The bacterium Clostridioides difficile is one of the most common infections picked up in hospitals, and, even once it’s cleared from the body, patients have a 1 in 6 chance of catching it again within a couple of months. It also often resists antibiotic treatment, leaving it free to infect the colon and cause diarrhea, nausea, fever and, in severe cases, sepsis and death.
Boulder, Colorado-based biotech Crestone is going after C. diff with a new antimicrobial, CRS3123. In a phase 2 study, the company reports that its drug cured 28 of 29 patients within 12 days, similar to the 13 of 14 cured patients who received the antibiotic vancomycin.
But CRS3123 stood out by stopping C. diff’s notorious comebacks: After 40 days, just 4% of patients who received Crestone’s drug had their infections return, compared to 23% in the vancomycin group.

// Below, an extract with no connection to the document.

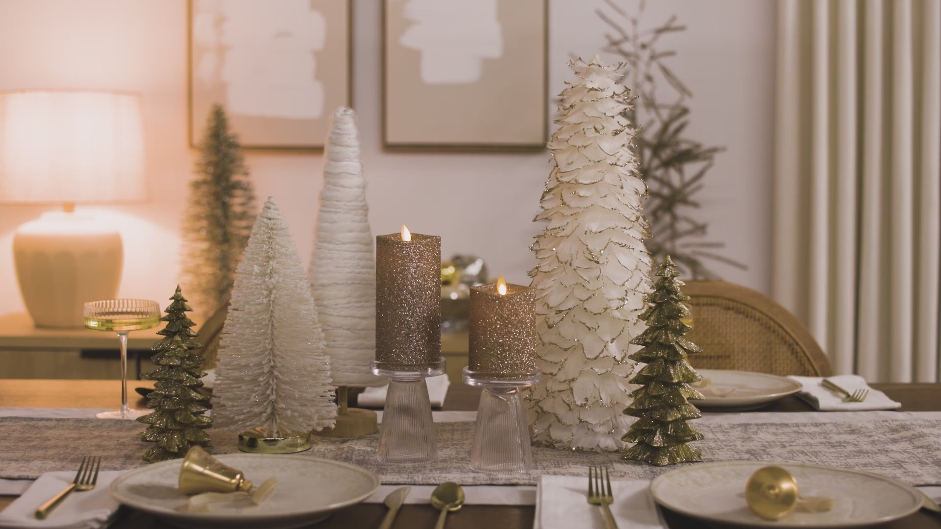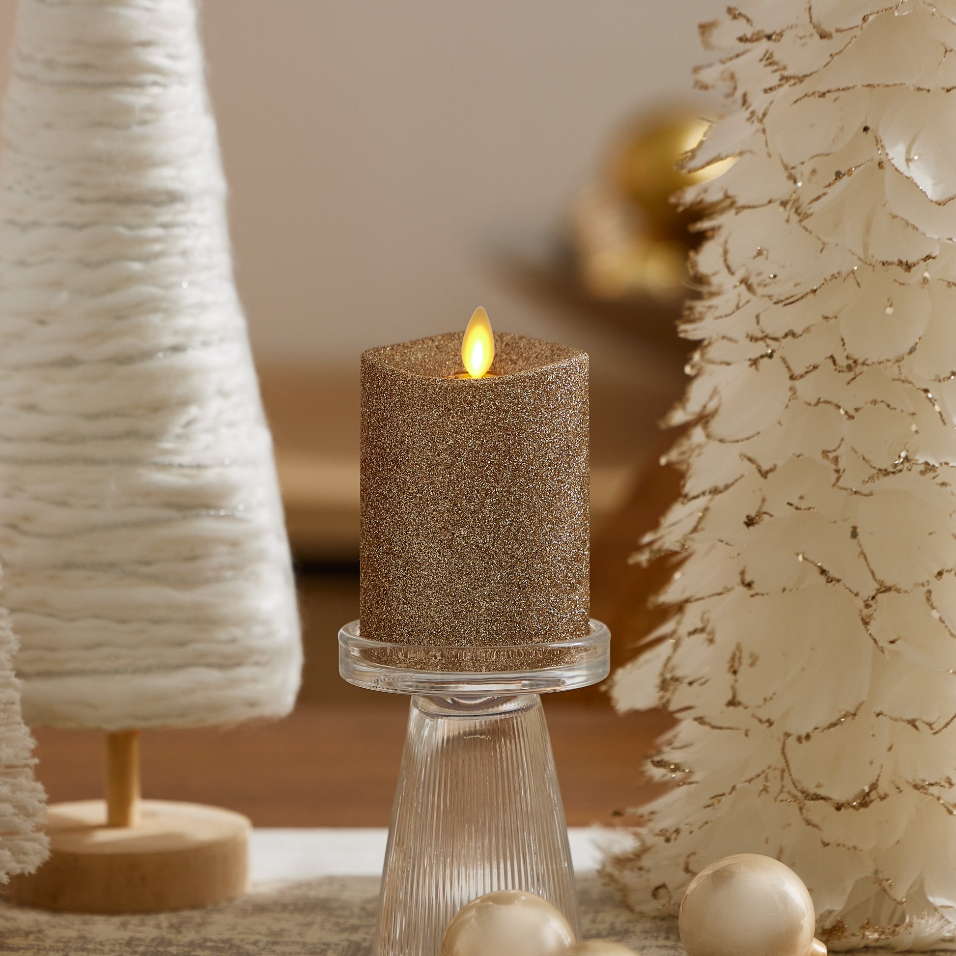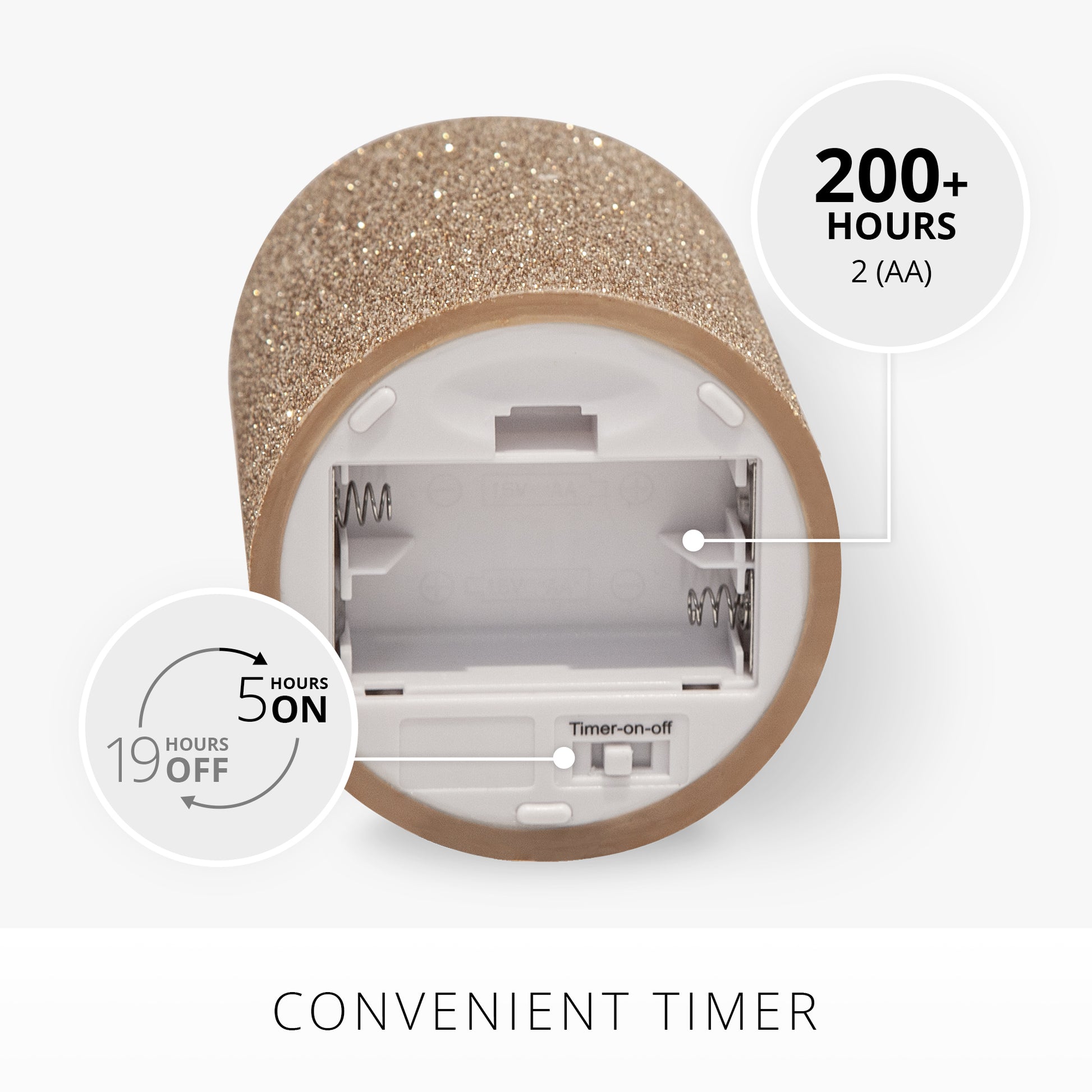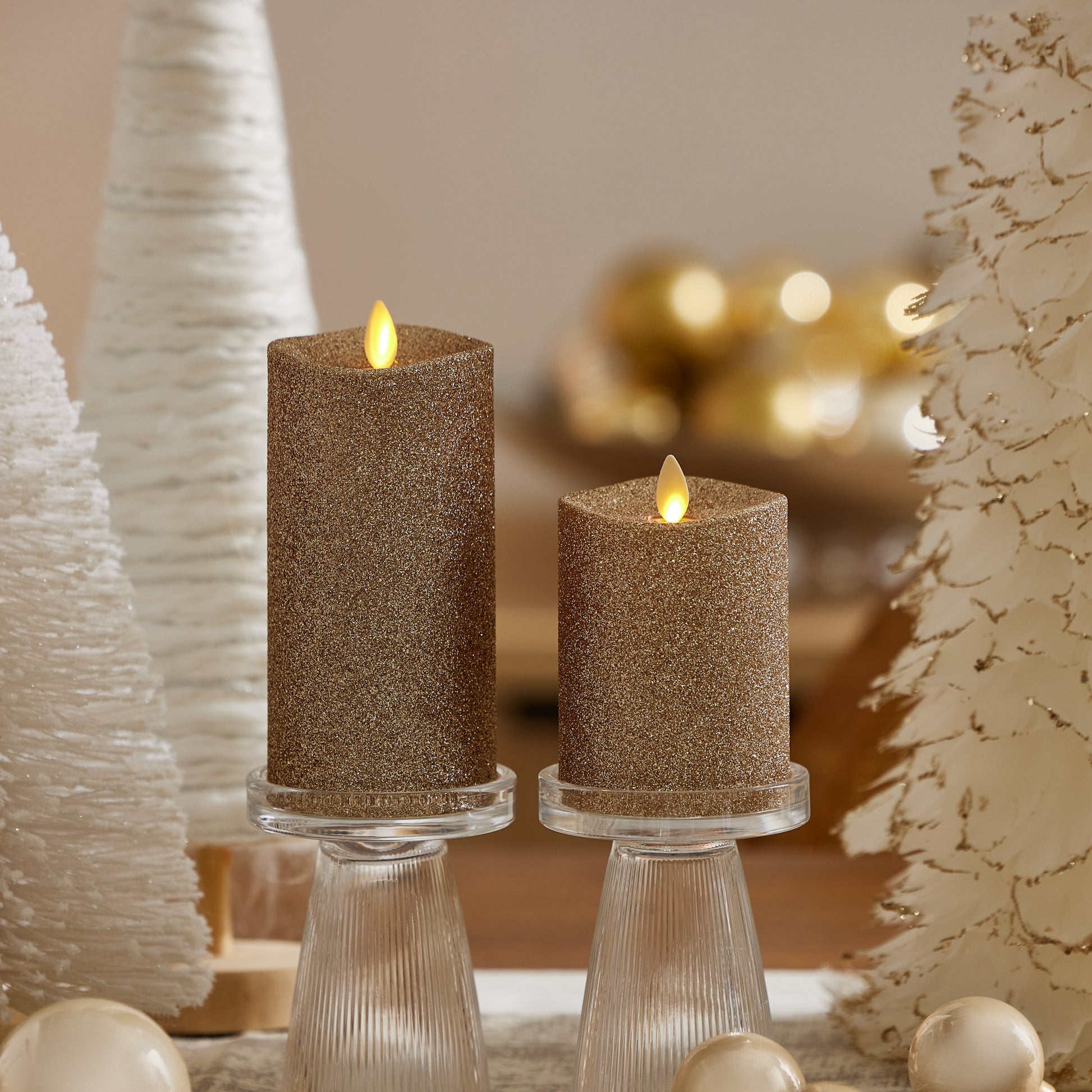 When you turn on your Flameless Gold Glitter Candle Pillar, the glitter shimmers in the light from patented moving flame technology. A "melted" edge accentuates the traditional look. Arrange this paraffin wax with bronze, brass and antique decor that reflects the flickering Flame-Effect, filling the room with comforting warmth.
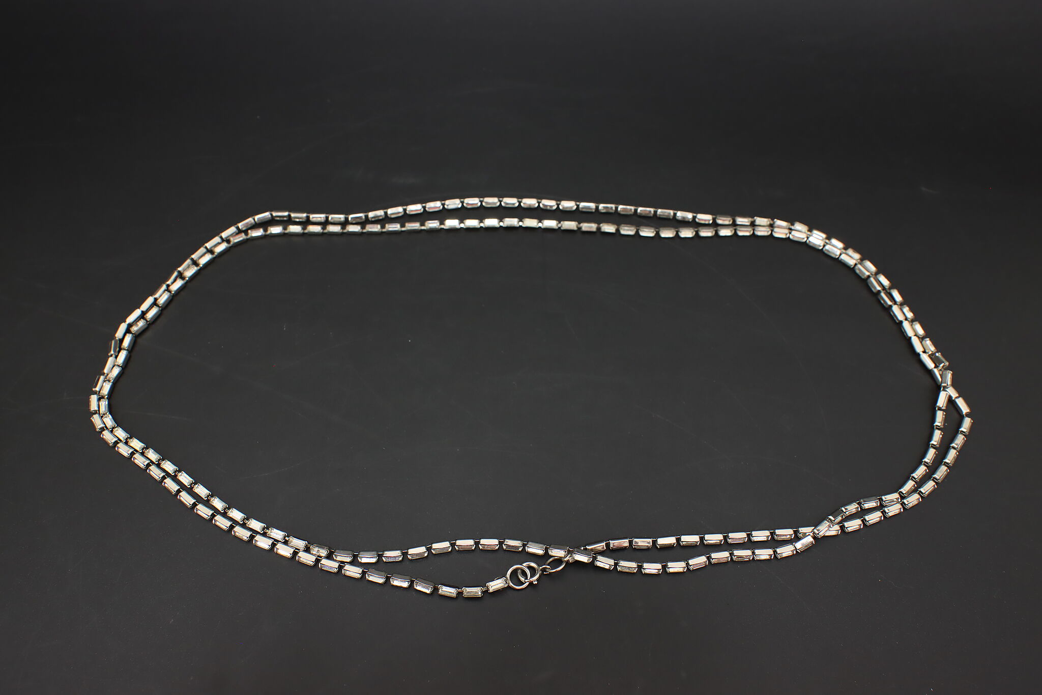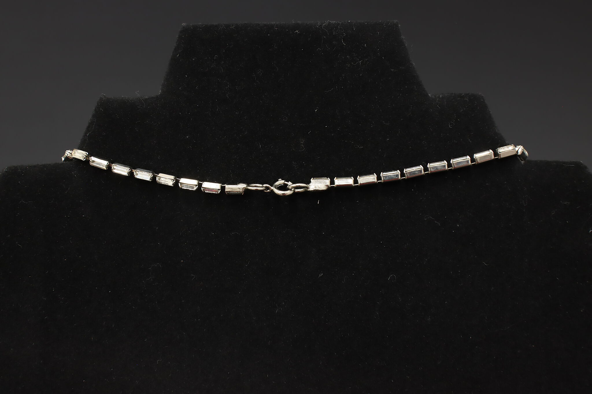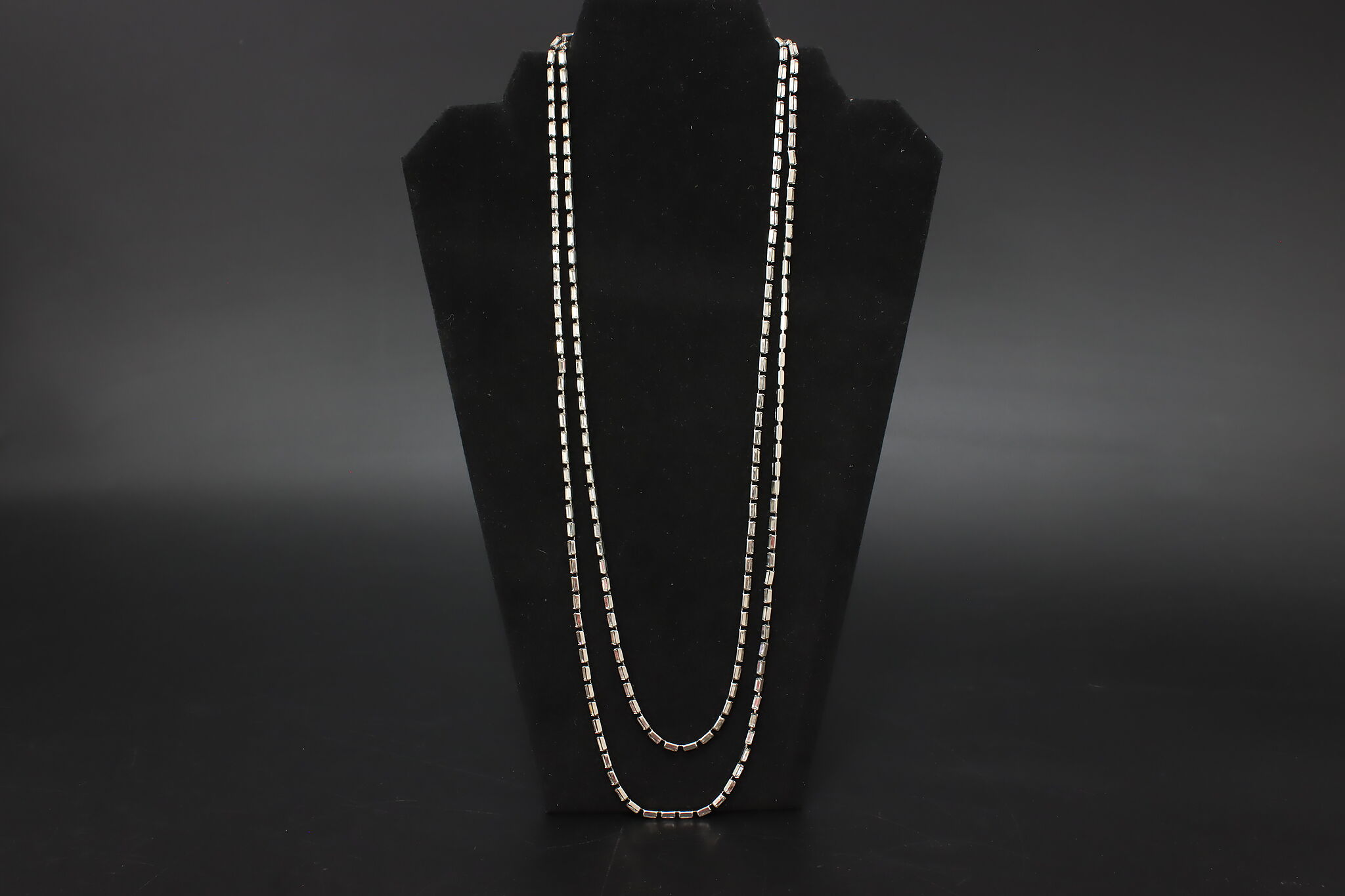Striking Kenneth Lane opera-length necklace featuring a continuous row of emerald-cut or baguette-style clear crystals set in a sleek silver-tone mounting. Wear long, doubled, or layered for a bold vintage look.

The cure rate at Day 12 was the trial’s primary endpoint. The study compared two twice-daily dosages of CRS3123, 200 mg and 400 mg, to 125 mg of vancomycin given four times a day in patients with an initial or first recurrence of C. diff infection.
It's critical for antibiotics to kill dangerous bacteria while leaving the healthy flora in our bodies alone. In fact, C. diff infections often spring up because the bacteria take advantage of a weakened microbiome following treatment with antibiotics for other diseases.
“Treatment of C. difficile infection remains in urgent need of agents that spare normal gut microbes, so they can reconstitute the microbiome and prevent further recurrences,” Thomas Louie, M.D., a microbiologist at the University of Calgary in Canada and leader of the study, said in the release. “The findings of this study support CRS3123 as such a candidate for further development.”
Following these top-line results, the National Institute of Allergy and Infectious Diseases is exercising an option in an existing contract with Crestone to grant the Coloradan company $4.5 million in new funding, according to the press release. This money will support microbiome analyses, optimization of manufacturing processes and other phase 2 support studies, the release said.